Segment Start: Supplied records
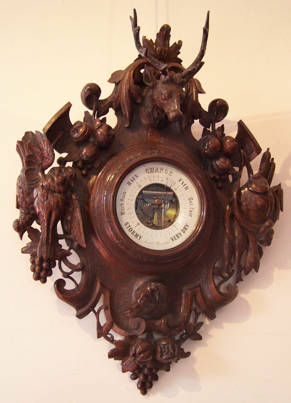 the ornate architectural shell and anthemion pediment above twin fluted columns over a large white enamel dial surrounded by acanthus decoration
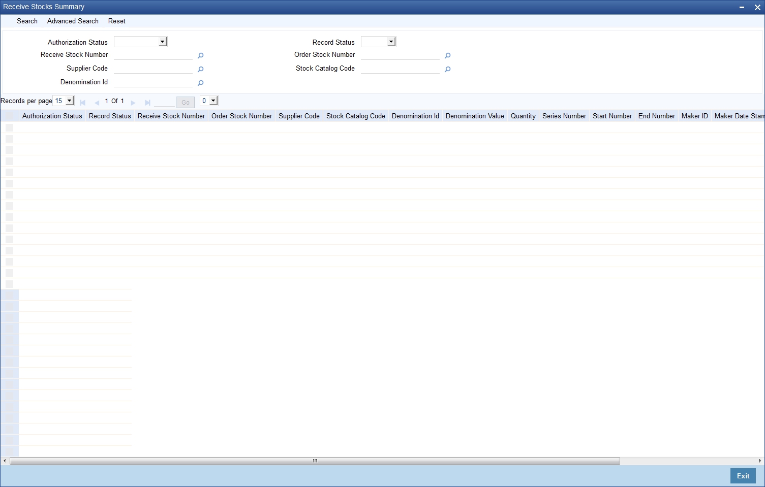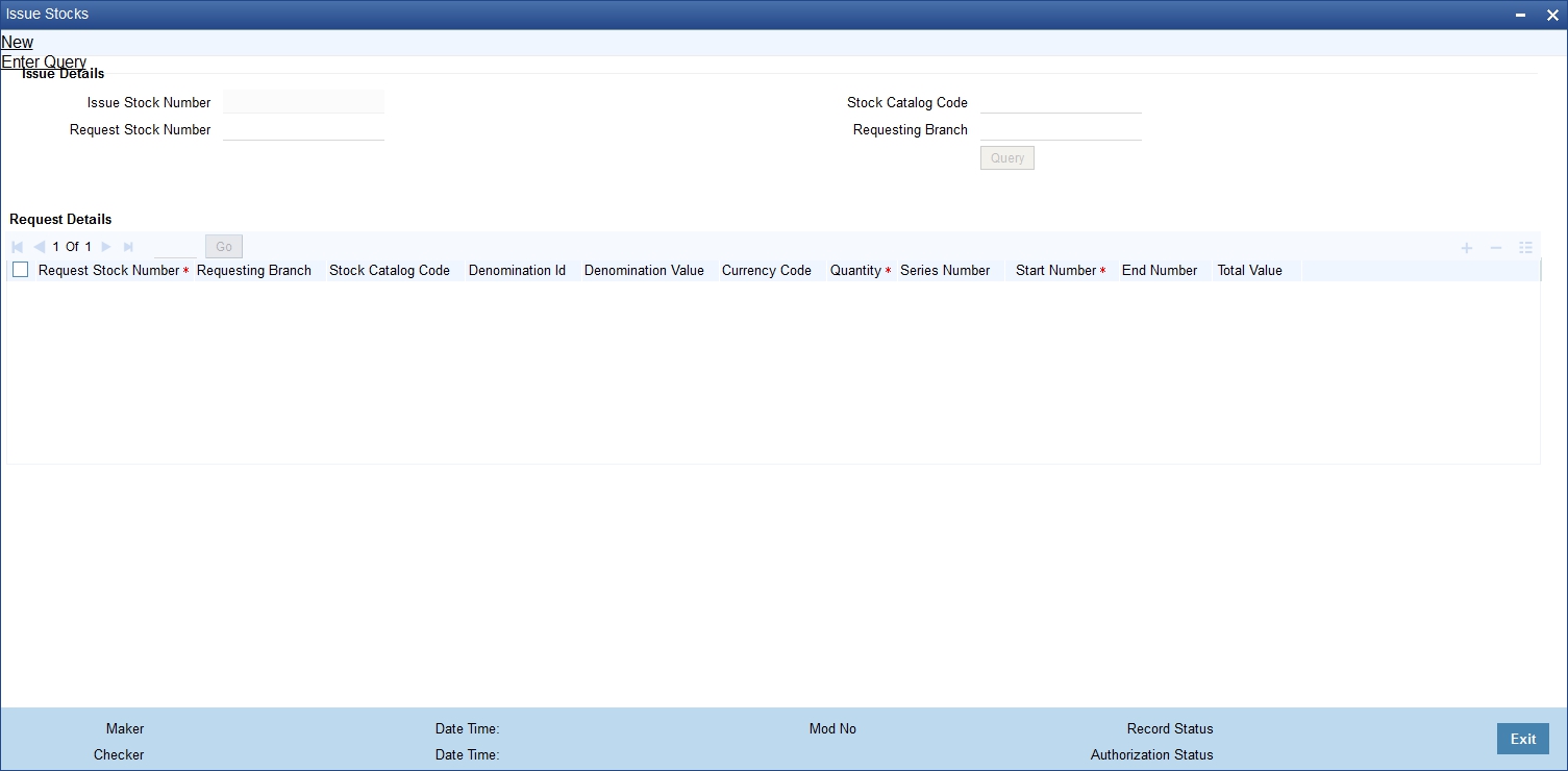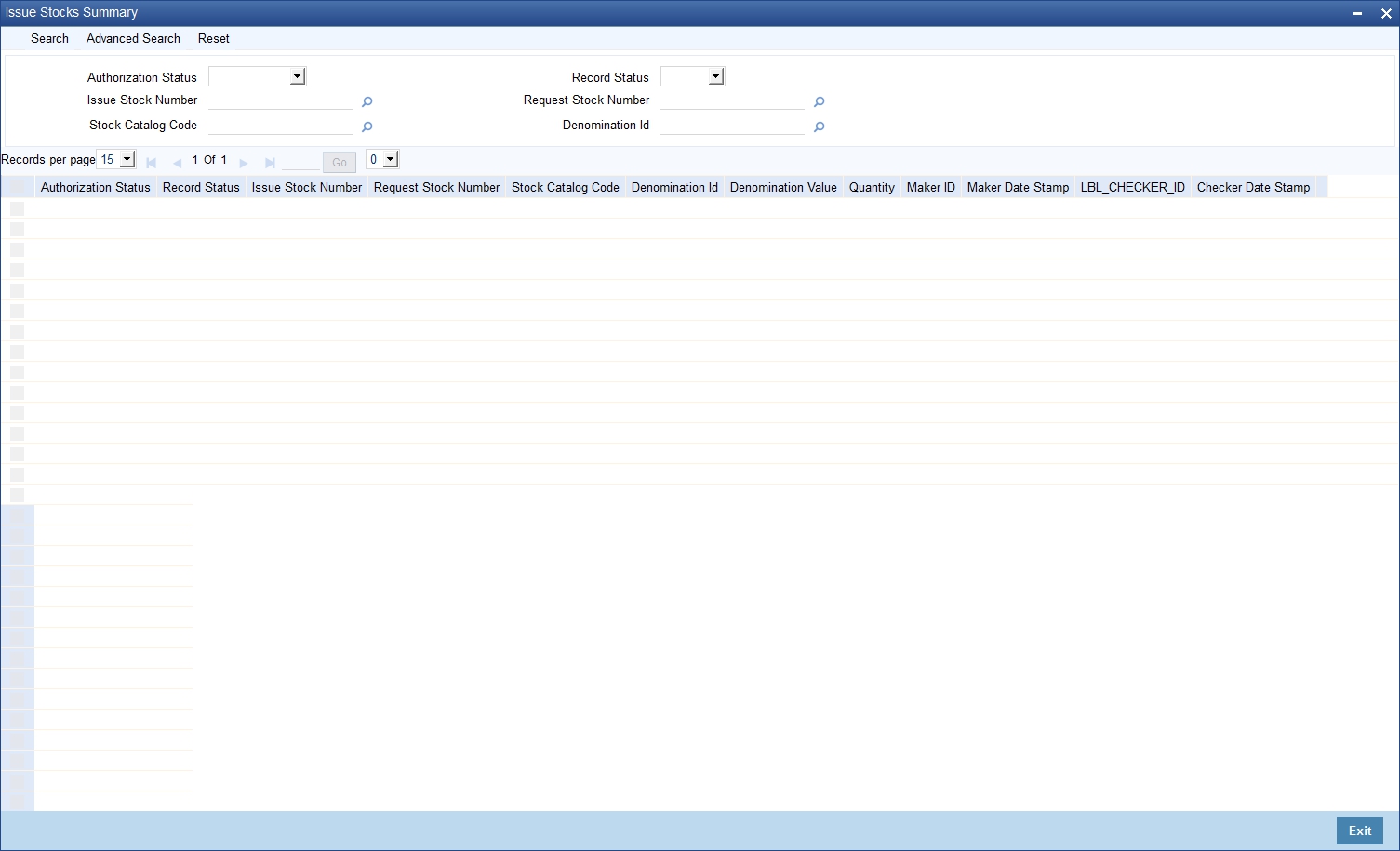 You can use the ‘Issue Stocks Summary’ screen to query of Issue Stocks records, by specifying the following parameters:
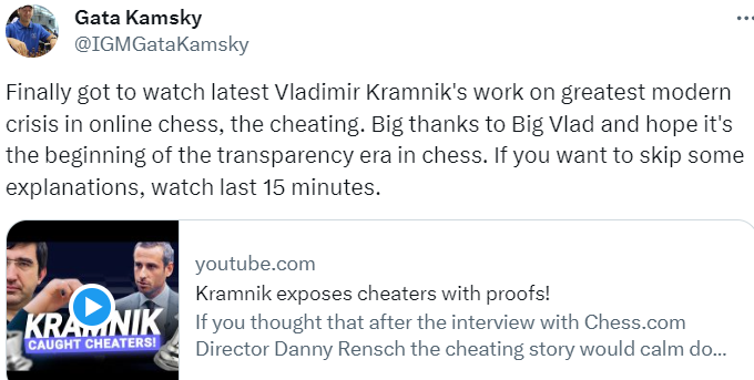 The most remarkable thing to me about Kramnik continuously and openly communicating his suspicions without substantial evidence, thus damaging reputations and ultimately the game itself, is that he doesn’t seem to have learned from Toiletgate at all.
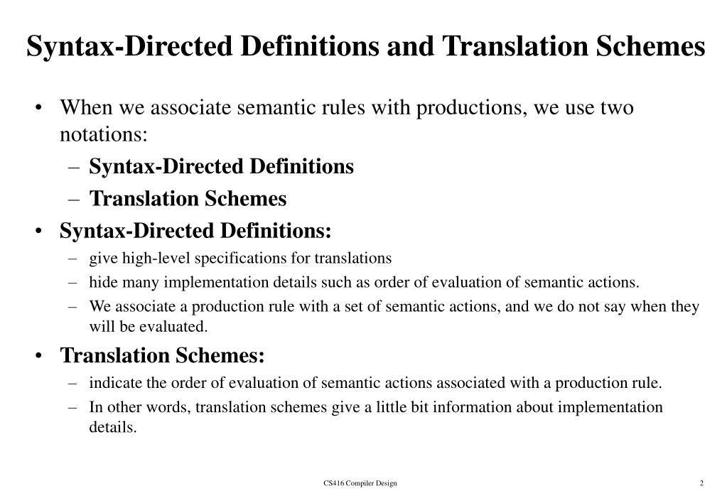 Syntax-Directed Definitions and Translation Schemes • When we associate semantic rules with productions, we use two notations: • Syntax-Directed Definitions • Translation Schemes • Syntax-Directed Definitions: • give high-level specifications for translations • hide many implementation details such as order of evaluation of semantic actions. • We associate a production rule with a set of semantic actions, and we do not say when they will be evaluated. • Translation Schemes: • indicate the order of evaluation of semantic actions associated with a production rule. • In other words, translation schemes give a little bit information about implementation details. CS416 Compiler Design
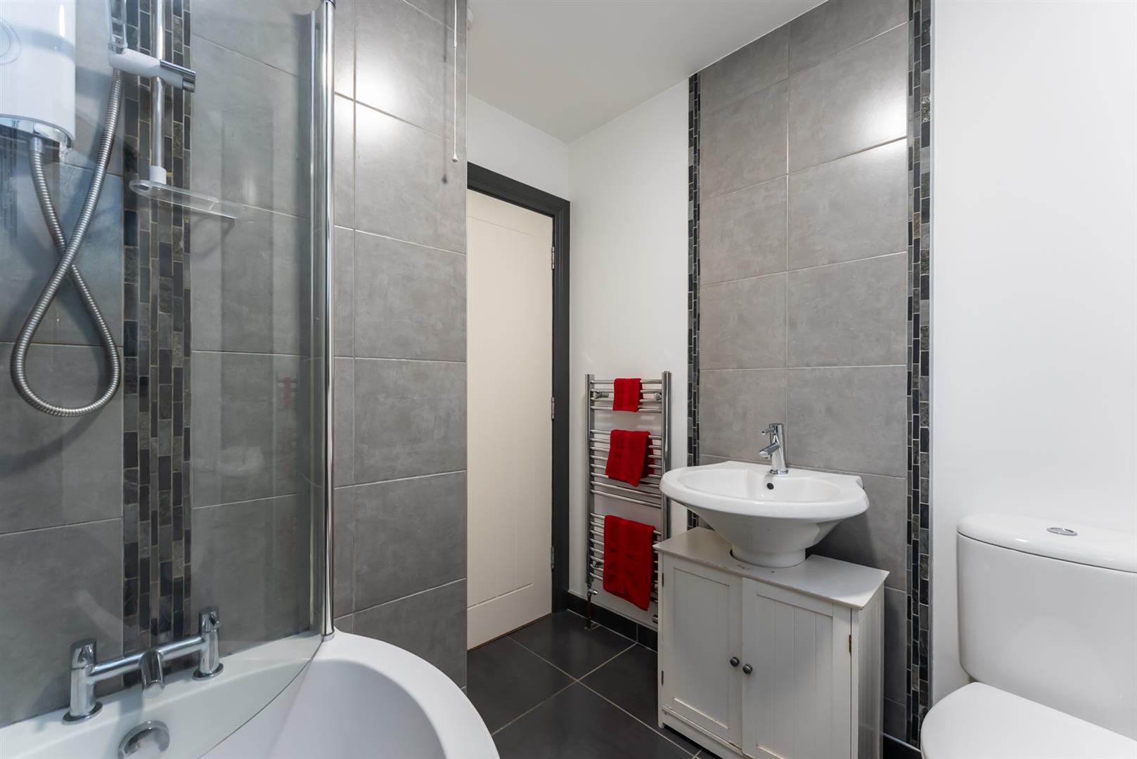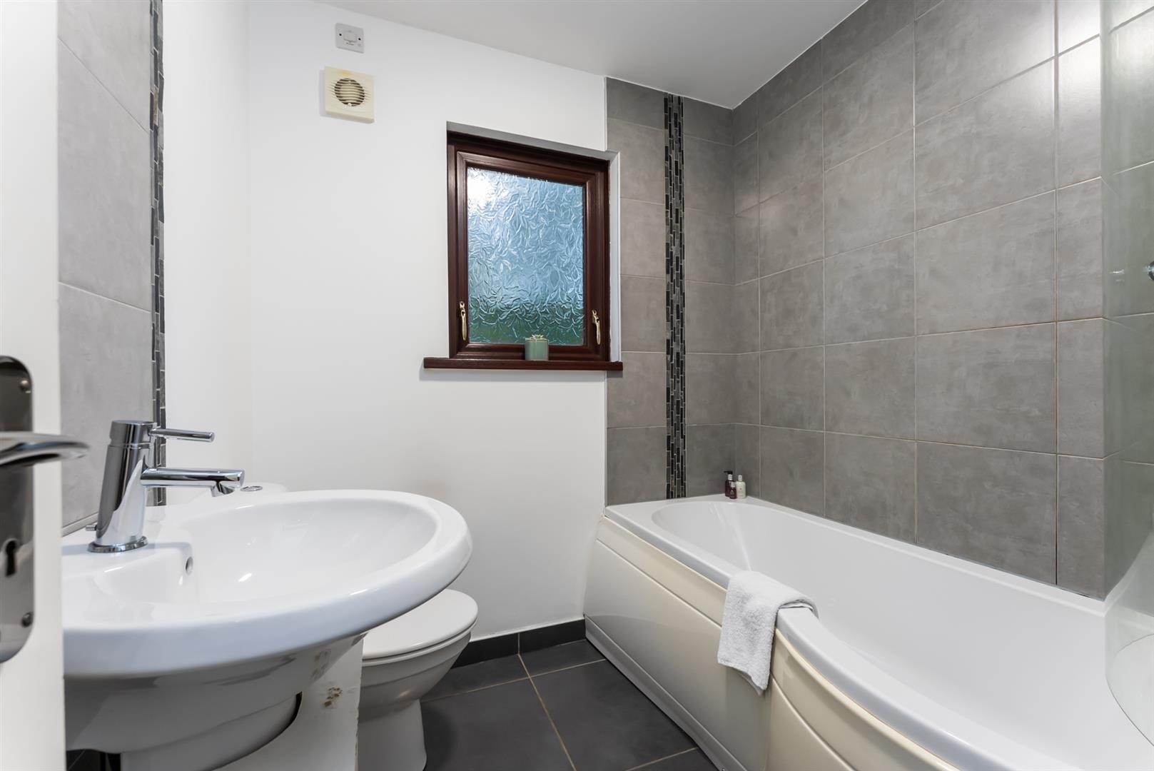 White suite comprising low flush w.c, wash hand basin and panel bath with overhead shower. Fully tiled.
Segment End: Supplied records
- What is being asked
Beginning with the line that has "You can use", repeat each remaining line of the data above word for word, keeping pictures out.

- Answer to the exercise
 You can use the ‘Issue Stocks Summary’ screen to query of Issue Stocks records, by specifying the following parameters:
 The most remarkable thing to me about Kramnik continuously and openly communicating his suspicions without substantial evidence, thus damaging reputations and ultimately the game itself, is that he doesn’t seem to have learned from Toiletgate at all.
 Syntax-Directed Definitions and Translation Schemes • When we associate semantic rules with productions, we use two notations: • Syntax-Directed Definitions • Translation Schemes • Syntax-Directed Definitions: • give high-level specifications for translations • hide many implementation details such as order of evaluation of semantic actions. • We associate a production rule with a set of semantic actions, and we do not say when they will be evaluated. • Translation Schemes: • indicate the order of evaluation of semantic actions associated with a production rule. • In other words, translation schemes give a little bit information about implementation details. CS416 Compiler Design
 White suite comprising low flush w.c, wash hand basin and panel bath with overhead shower. Fully tiled.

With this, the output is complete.